Prospective Evaluation of the Impact of Measurable Residual Disease (MRD) By Error Corrected Next-Generation Sequencing (NGS) with CPX-351 in Acute Myeloid Leukemia (AML)

Introduction

CPX-351 treatment significantly improved overall survival (OS) versus 7+3 in secondary AML patients in a Phase 3 study, particularly in patients bridged to allogeneic hematopoietic stem cell transplantation (allo-HSCT) with a median OS that was not reached (Lancet et al., JCO 2018, Uy G et al., Blood Advances 2022). However, there have been minimal data on the impact of molecular MRD and outcomes with CPX-351.

Methods

We prospectively collected bone marrow aspirates from AML patients treated with CPX-351 at Moffitt Cancer Center and Washington University. At each time point (pre-treatment/post-induction/post-consolidation/day+30 post-HSCT/relapse (as applicable)), we utilized a novel, ultra-deep, error-corrected gene panel (Myeloseq-HD^TM Capture Assay) that targets 49 genes that are mutated in myeloid malignancies for the purposes of mutation identification at diagnosis and disease monitoring after therapy (raw sequencing depth >50,000x and consensus read depth >4000x, which allows for detection of previously known variants at variant allele fractions (VAFs) greater than or equal to 0.1%.) Patients with variants detected only in DNMT3A, TET2, and/or ASXL1 (DTA) were considered MRD negative (occurred in 1 pre-HSCT and 2 post-HSCT samples).

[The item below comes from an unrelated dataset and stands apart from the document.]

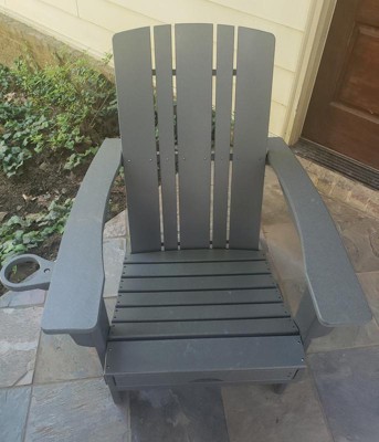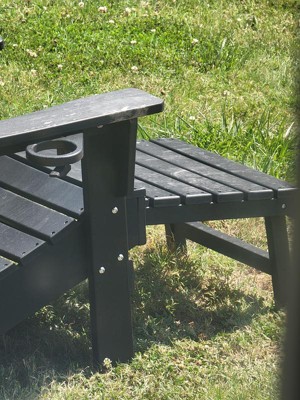 [This review was collected as part of a promotion.] This Halifax HDPE Adirondack Chair with Cup Holder and Pull Out Ottoman is really nice and easy to assemble. The pullout ottoman allows me to rest my legs when I want to recline. It has extra wide armrests. There is a slide out cupholder on the right side that is perfect to hold my drink. The black color looks nice, and they have brighter colors you can choose from depending on your style. It is made from faux wood composition that will not rot, chip, or peel, so you don't have to worry about damage to the chair from being outdoors. I use this chair in our backyard to relax while my children play. I find it to be quite comfortable and it is very well made.

GraphPad Prism was used for survival analyses and relapse free survival (RFS), event free survival (EFS), and OS were calculated from date of CPX-351 initiation. EFS was defined as either relapse or death. For all endpoint analyses, an MRD cutoff of 0.1% VAF was used.

Results

A total of 48 patients were consented on study and treated with CPX-351 per standard of care/FDA indication with 33 patients having sequential NGS analysis. CR/CRi was achieved in 58% of patients (28/48). With a median follow up of 22.5 months, the median OS of the entire cohort was 15.8 months. Of the cohort, 56% of patients (n=27) were bridged to allo-HSCT with improved OS in transplanted patients compared to non-transplanted patients (22.5 vs 8 months, P=.007). Similarly, 37% of patients were alive at 2 years post-HSCT (n=10) vs 14% without HSCT (n=3). Patients with IDH1/2 and/or NPM1 mutation had improved CR/CRi rates (92% (12/13) vs 55% (11/20), P=.04). No other individual mutation or class of mutations predicted for response. Patients with secondary type mutations as defined by WHO achieved CR/CRi in 62% of cases. Only 3 TP53 mutant patients were treated and 1 achieved CR. Of the 33 patients with serial NGS, 13% of patients with CR/CRi (3/23) achieved MRD negativity at the 0.1% threshold post induction and/or consolidation. Of these, 2 patients did not proceed to allo-HSCT with one patient that is alive and disease free at 47 months (NPM1 mutant). We additionally analyzed NGS cutoffs of 1% and 5% for the entire cohort, but this was not predictive of OS, EFS, or RFS. For patients not proceeding to allo-HSCT, we additionally analyzed 1% and 5% NGS cutoffs, which were not predictive of OS, EFS or RFS. Among mutation-defined subsets, only patients with IDH1/2mutations with clearance of mutation to < 1% had an improved RFS (P=.04) although there was no improvement in OS. The one patient who achieved MRD negativity prior to allo-HSCT was alive and disease free at 38.6 months (ASXL1, IDH2, STAG2, and ZRSR2). NGS clearance cutoffs of 1% and 5% pre-allo-HSCT were not predictive of outcomes. 8 patients had post allo-HSCT MRD measured (Day +30) and 88% (n=7) were MRD negative. The median OS, EFS and RFS were not reached in these patients with improved EFS/RFS versus the entire cohort (P<.05).

Conclusions

In this prospective real-world cohort of CPX-351 treated AML patients, outcomes were similar to the Phase 3 trial with > 50% of patients proceeding to allo-HSCT and with encouraging rates of prolonged survival. Patients with NPM1/IDH1/IDH2 had distinctly favorable outcomes. Molecular MRD clearance to < 0.1% was rare with CPX-351 treatment, suggesting the need for novel frontline combinations to increase molecular MRD negativity. However, patients treated with CPX-351 and bridged to allo-HSCT had very high day +30 MRD negative rates and excellent outcomes (85% without relapse).